Она перевернула страницу и услышала приглушенные голоса. Взглянула на стоявшие у кровати часы (в доме их было полным-полно, и, когда они тикали, казалось, будто бьется невидимое сердце). Почти девять вечера.
В это время ее бабушка с дедушкой обычно уже спали.
Лени отметила страницу и отложила книгу. Подошла к двери, приоткрыла и выглянула в коридор.
Внизу горел свет.
Лени выскользнула из комнаты, бесшумно прошла босиком по плюшевому ковру, спустилась по лестнице, скользя рукой по гладким перилам красного дерева. Ступила на холодный черно-белый мраморный пол.
Мама сидела с родителями в гостиной. Лени прокралась поближе, чтобы посмотреть, что там творится.
Мама сидела на красно-оранжевом диванчике; напротив нее в одинаковых креслах, обтянутых тканью с узором пейсли, расположились родители. Кленовый столик между ними был уставлен изящными фарфоровыми статуэтками.
— Все думают, что он нас убил, — сказала мама. — Я сегодня прочитала в городской газете.
— И ведь запросто мог, — ответила бабушка. — Если помнишь, я тебя предупреждала: не надо было уезжать на Аляску.
— И вообще выходить за него замуж, — добавил дедушка.
— Что толку теперь от «я же тебе говорила»? — Мама тяжело вздохнула. — Я любила его.

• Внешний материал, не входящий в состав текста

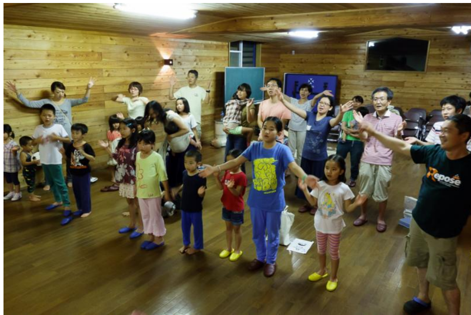
Young Family Camp

This summer we hosted four camps in July, five in August and one in September. This was a modest increase from our first season at Akagi Bible Camp but the biggest growth was in spring and early summer. We had two groups in April, two in May and two in June. Living onsite was the key to this growth and we pray for increased use of the facility throughout the year.
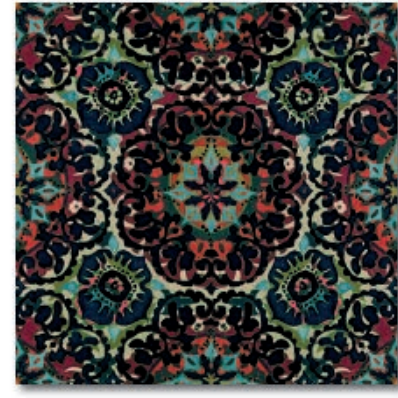
MADRID PDE2020C13 28i P
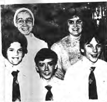
MATH BEE AT HFS: Recently students in the 4, 5 and 6th grades at Holy Family School in Hicksville competed in their annual Math Bee.
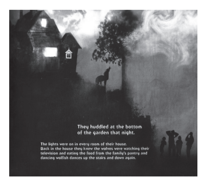
The one of content Illustration of McKean's The Wolves in the Walls

The colour pattern seems to occupy also a special place for children's response towards the images. In another case, the focus of colour pattern even strengthens the fact that children pay attention to smaller details first. The bigger detail such as the colour impression to convey the mood was not given the attention in the first place. This case was found when Caleb responded to a spread when Lucy felt very afraid of the wolves. The pale brown palette was used here, with Lucy's gaze demanding attention from the reader, as it is a close-up shot of her facial expression. The predominant colour, however, seem to be ignored by Caleb. Instead, he turned his focus to the red stripes on Lucy's T-Shirt. The focus on red colour might be associated with the fact that red is his favourite colour. When I asked him about the other colours, he pointed at the white stripes and happily screamed because he found a pattern.
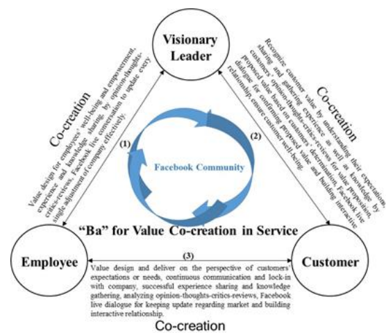
Figure 1: A model for value co-creation using Facebook as the platform

Therefore, to construct that platform a digital infrastructure is mandatory. It also ensures a wide range of value sharing forums [33] by the active participation of beneficiaries (e.g., customers) and the provider (e.g., the organization) in the process of business operation [36].
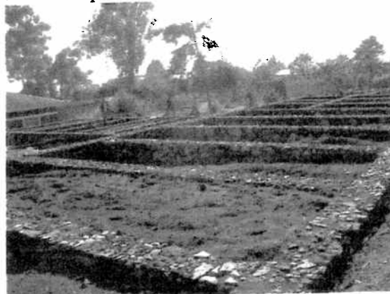
The foundation has been set for the girls' dormitory.

Лени слышала в их голосах печаль и сожаление. Еще год назад она не поняла бы, о чем тут можно жалеть. Теперь понимала.
— Я не знаю, что делать дальше, — призналась мама. — Я сломала нам с Лени жизнь, а теперь еще и вас в это втянула.

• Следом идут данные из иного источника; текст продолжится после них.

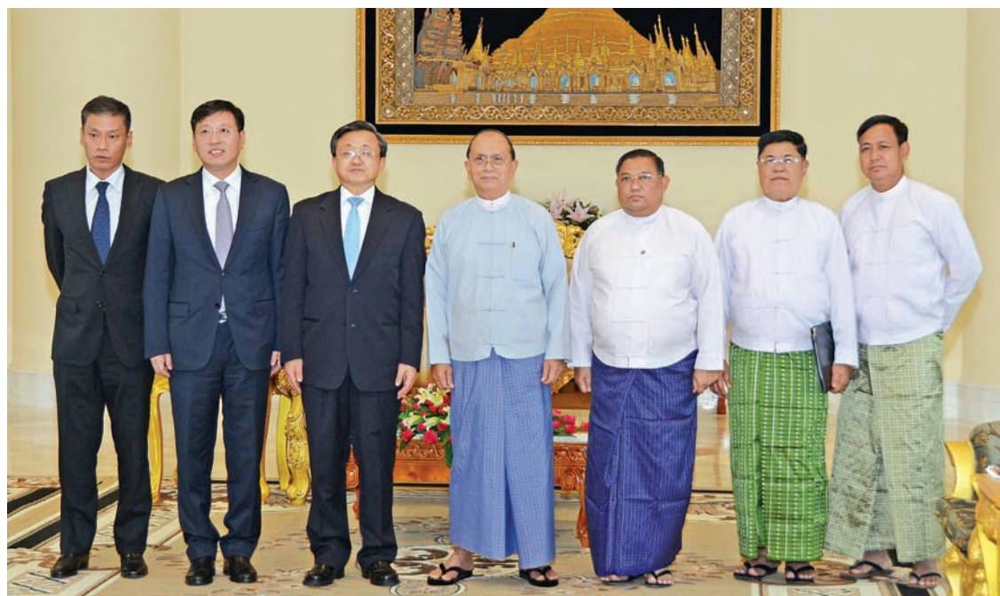
President U Thein Sein meets with a Chinese delegation led by Mr Liu Zhenmin, Vice Foreign Minister.

PRESIDENT U Thein Sein met with a Chinese delegation led by Mr Liu Zhenmin, Vice Foreign Minister, Ministry of Foreign Affairs of the People's Republic of China, at the Presidential Palace in Nay Pyi Taw yesterday.
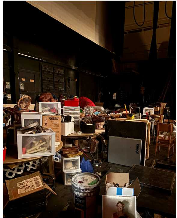
Figure 2: Photo of the mens bathroom. Figure 3: A photo of the Playhouse Stage with belongings still there.
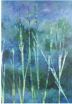
Adirondack Morning by Constance Avery....$400

— Ты серьезно? — спросила бабушка. — Разумеется, ты нас в это втянула, мы же твои родители.
— Это тебе, — сказал дед.
Лени так и подмывало высунуться из укрытия и посмотреть, что же там такое, но не осмелилась. Она слышала, как скрипнуло кресло, как простучали по деревянному полу каблуки (дедушка даже дома с утра до ночи ходил в ботинках), как зашуршала бумага.